I choose to read this short book a bit like I would poetry: slowly and in small doses, others may choose to do otherwise. The quirky musings in her heightened and deliciously descriptive language are addictive and the reader can not help but fall a little in love with her (and here, let us all salute the quirky characters of literature) and just possibly the reader may start to look at their own everyday goings ons a bit differently....

140Caroline_McElwee
helmikuu 29, 2020, 4:21pm

>139 avaland: Adding to my list Lois.

141avaland
helmikuu 29, 2020, 4:27pm

>140 Caroline_McElwee: I think you'd like it, Caro.

142dchaikin
helmikuu 29, 2020, 9:40pm

>139 avaland: quite a quote.

143LadyoftheLodge
maaliskuu 1, 2020, 11:03am

>139 avaland: The quote you posted reminded me of how my mind often goes off on tangents of its own, so I am not a nut case after all, but if you find my mind wandering, then please send it home, thanks very much.

144avaland
maaliskuu 2, 2020, 4:17pm

>142 dchaikin: ha!

>143 LadyoftheLodge: Mine, also. You. Are. Not. Alone. :-)

145LadyoftheLodge
maaliskuu 3, 2020, 10:37am

>144 avaland: Unfortunately, it seems to get worse with age. I seem to get distracted so much more easily. :-\

146avaland
maaliskuu 6, 2020, 6:08pm



The Memory Police by Yoko Ozawa (1994, translated 2019)

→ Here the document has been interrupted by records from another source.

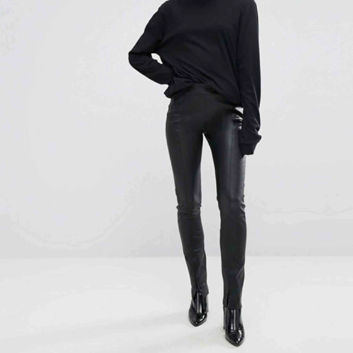 Limited edition skinnbyxor (100% läder) från Weekday. Sitter som en smäck och är något stretchiga så väldigt bekväma! Dragkedjor fram (på smalbenen) - se bilder. Så fina men används för sällan, nypris 2500kr och använda 2-3ggr!✨ frakt 63kr
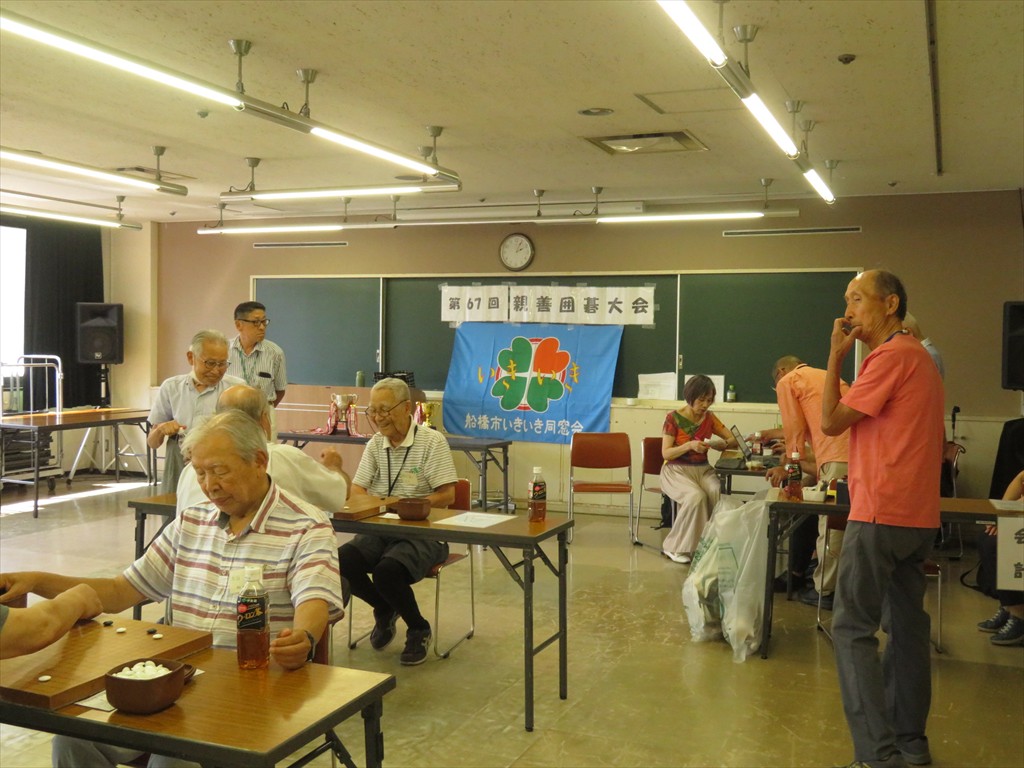第65回いきいき同窓会親善囲碁大会が8月21日中央公民館で開催されました。開会式は石川同窓会会長、山下功 船橋市囲碁協会会長の挨拶のあと松戸市長からの祝電が披露され、熱戦の火ぶたが切って落とされました。
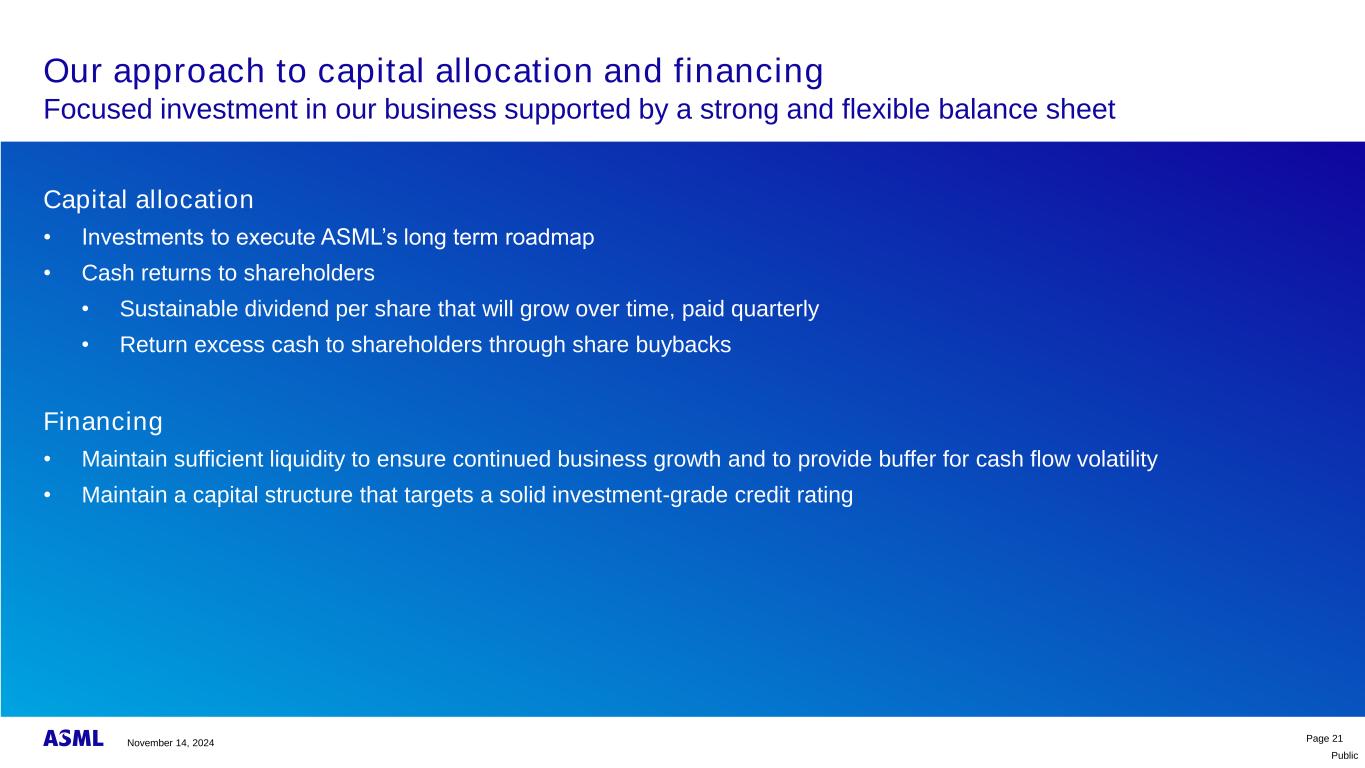 公共商业模式和资本配置策略我们对技术领先地位的持续投资创造了重要的股东价值。投资创造价值我们预计这十年将有巨大的增长机会基于不同的市场和技术场景,我们看到了到2030年实现以下目标的机会:•年收入约为440亿欧元至600亿欧元,毛利率约为56%至60%市场和技术机会半导体终端市场的预期增长以及未来节点上光刻支出的增加推动了对我们产品和服务的需求。市场增长我们确认我们的融资政策;坚实的资本和流动性结构,基于此,我们将继续投资于我们的业务,并期望通过不断增长的股息和股票回购向我们的股东返还大量现金。资本分配和融资关键信息2024年11月14日

On a nameless island, things have been disappearing for years. A new day arrives and the populace seems to understand that something had disappeared and there is a kind of automated acceptance of it. Sometimes items must be taken to gathering or disposal area—all under the watchful eye of the Memory Police. But, there are rare people existing on this island who do not forget things that have been disappeared, and they are in constant peril of being found out and taken by the Memory Police. Our narrator is a young woman who lives in a tiny house and makes her living as a novelist. Her mother, a sculptor, was one of these people who did not forget. She was found out, taken and likely killed by the authorities.

The book tells the story of this young woman as she befriends an old man living nearby on a landed boat; and as she helps hide one of her mother’s old friends from the police. Later she and the old men conspire to hide her editor long-term by building a secret room in her small house all the while cautious of the Memory Police, and while trying to survive in a world that is disappearing a piece at a time.

As the explained years ago by the mother to her then young daughter (our narrator): "Things go on disappearing, one by one. It won’t be long now," she added. "You'll see for yourself. Something will disappear from your life… …It doesn't hurt, and you won’t even be particularly sad. One morning you’ll simply wake up and it will be over, before you’ve even realized. Lying still, eyes closed, ears pricked, trying to sense the flow of the morning air, you’ll feel that something has changed from the night before, and you’ll know that you've lost something, that something has been disappeared from the island…"

This is a beautifully written story of kindness and compassion, remembering and forgetting. There is something mesmerizing about it, and something a bit disturbing about a populace willing to forget. It doesn’t offer easy answers and its resolution is…well, less resolute and thus the story lingers... or perhaps continues to haunt long after you've turned that last page.

*this would make a fab book club choice as it would encourage some great discussion, I think.

147avaland
maaliskuu 7, 2020, 10:31am



Founding Mothers and Fathers: Gendered Power and the Forming of American Society by Mary Beth Norton (1996, American history)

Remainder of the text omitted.